* LISTED ENTRIES:
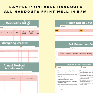1 pdf file includes 37 Handouts developed by clinicians for senior caregiving. Print well in B/W, colors may vary per printer.
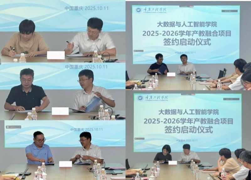 本网讯(文/图 大数据与人工智能学院 杨孟凡)10月11日下午,大数据与人工智能学院2025—2026学年产教融合项目签约及启动仪式在第七教学楼7205会议室举行。学校党委副书记、常务副校长张业平出席并讲话,学院院长李钦,党总支副书记宁俊龙,副院长廖宁、吴平、周勇及学院全体专任教师参加仪式并见证签约。
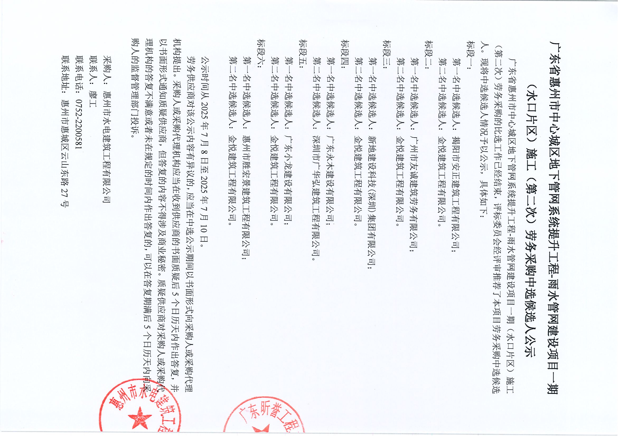 廣東省惠州市中心城區(qū)地下管網(wǎng)系統(tǒng)提升工程-雨水管網(wǎng)建設(shè)項(xiàng)目一期(水口片區(qū))施工(第二次)勞務(wù)采購(gòu)中選候選人公示
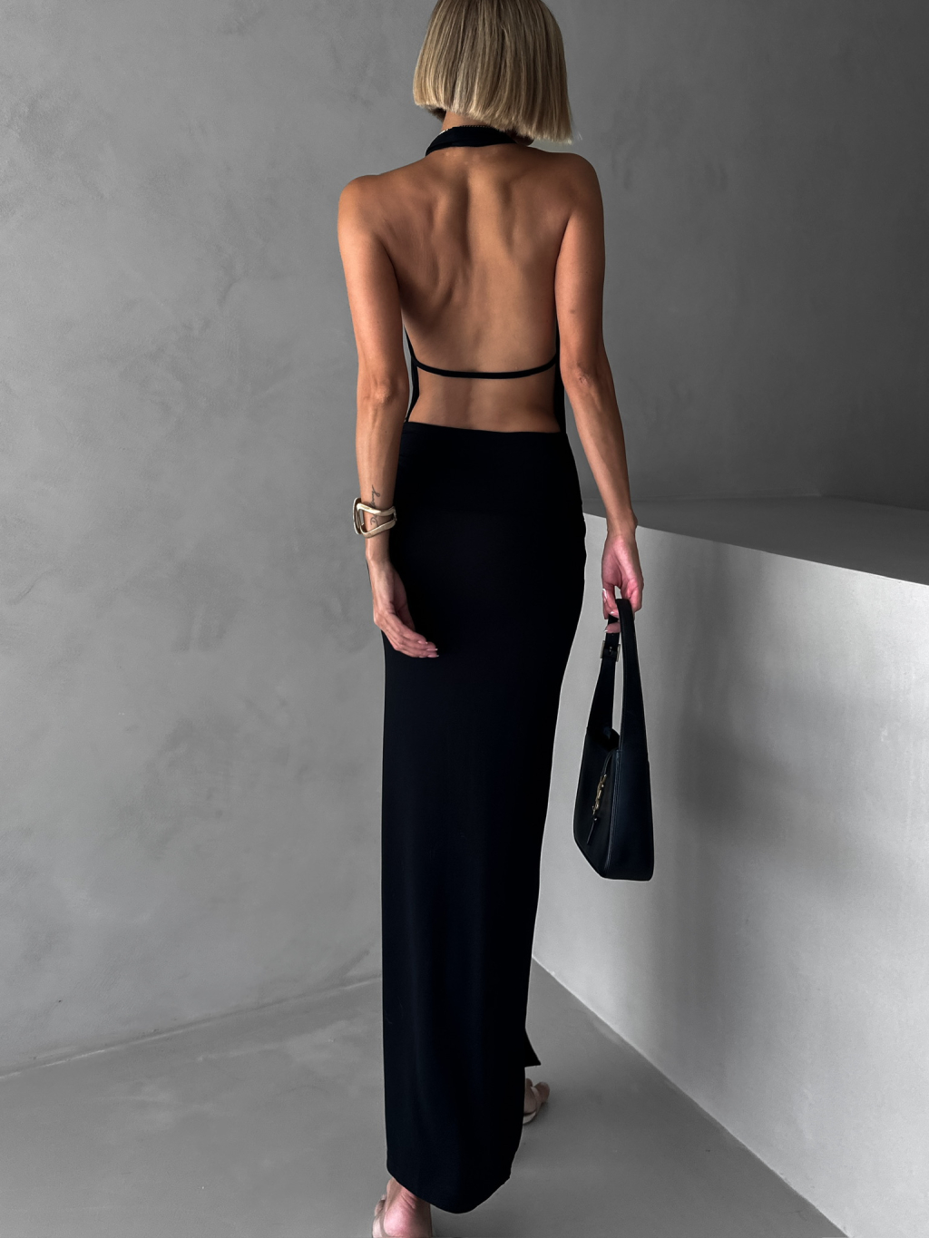 Čierne elegantné šaty RHIANY s odhaleným chrbtom
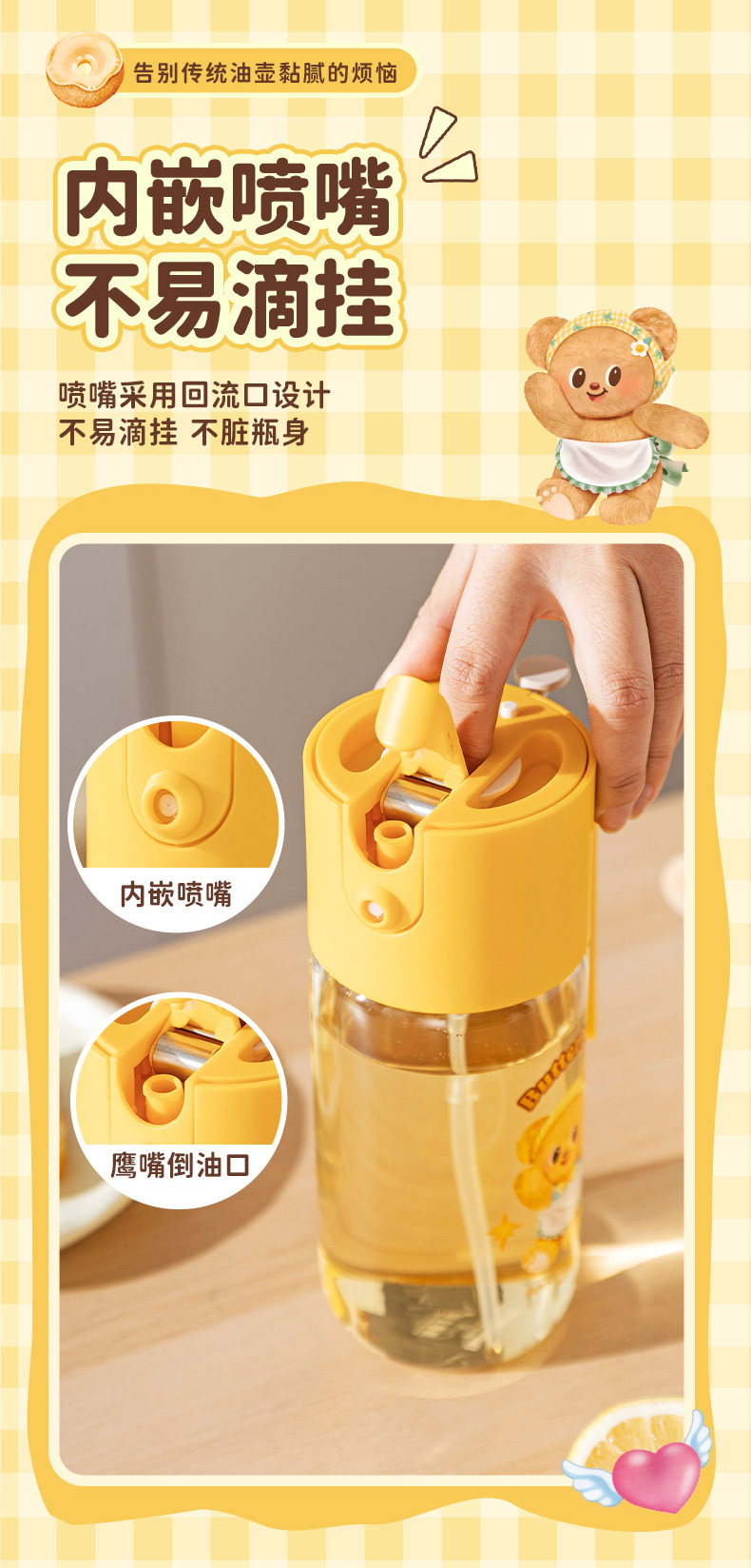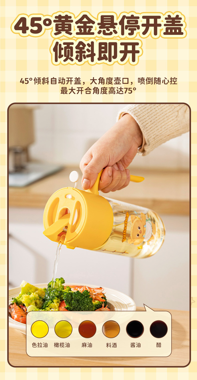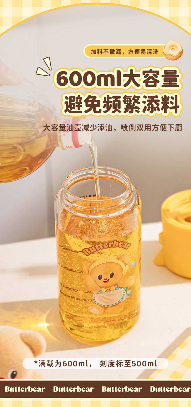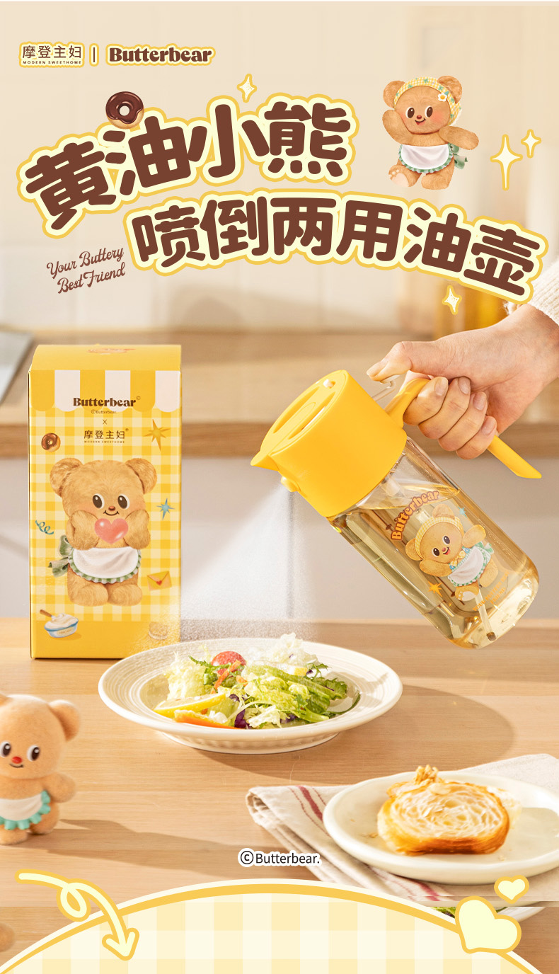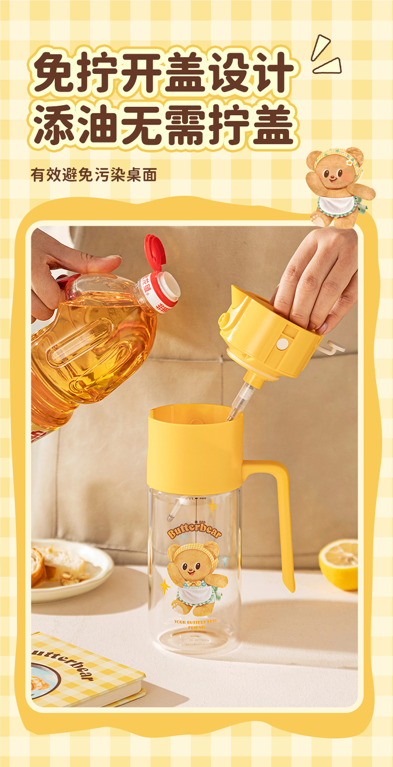 摩登主妇&黄油小熊喷倒两用油壶厨房家用不挂油调料瓶罐油瓶

* TASK INSTRUCTIONS: Give the listing above again in its entirety, exactly as written and free of images.

* RESULT OF THIS TASK:
1 pdf file includes 37 Handouts developed by clinicians for senior caregiving. Print well in B/W, colors may vary per printer.
 本网讯(文/图 大数据与人工智能学院 杨孟凡)10月11日下午,大数据与人工智能学院2025—2026学年产教融合项目签约及启动仪式在第七教学楼7205会议室举行。学校党委副书记、常务副校长张业平出席并讲话,学院院长李钦,党总支副书记宁俊龙,副院长廖宁、吴平、周勇及学院全体专任教师参加仪式并见证签约。
 廣東省惠州市中心城區(qū)地下管網(wǎng)系統(tǒng)提升工程-雨水管網(wǎng)建設(shè)項(xiàng)目一期(水口片區(qū))施工(第二次)勞務(wù)采購(gòu)中選候選人公示
 Čierne elegantné šaty RHIANY s odhaleným chrbtom
 摩登主妇&黄油小熊喷倒两用油壶厨房家用不挂油调料瓶罐油瓶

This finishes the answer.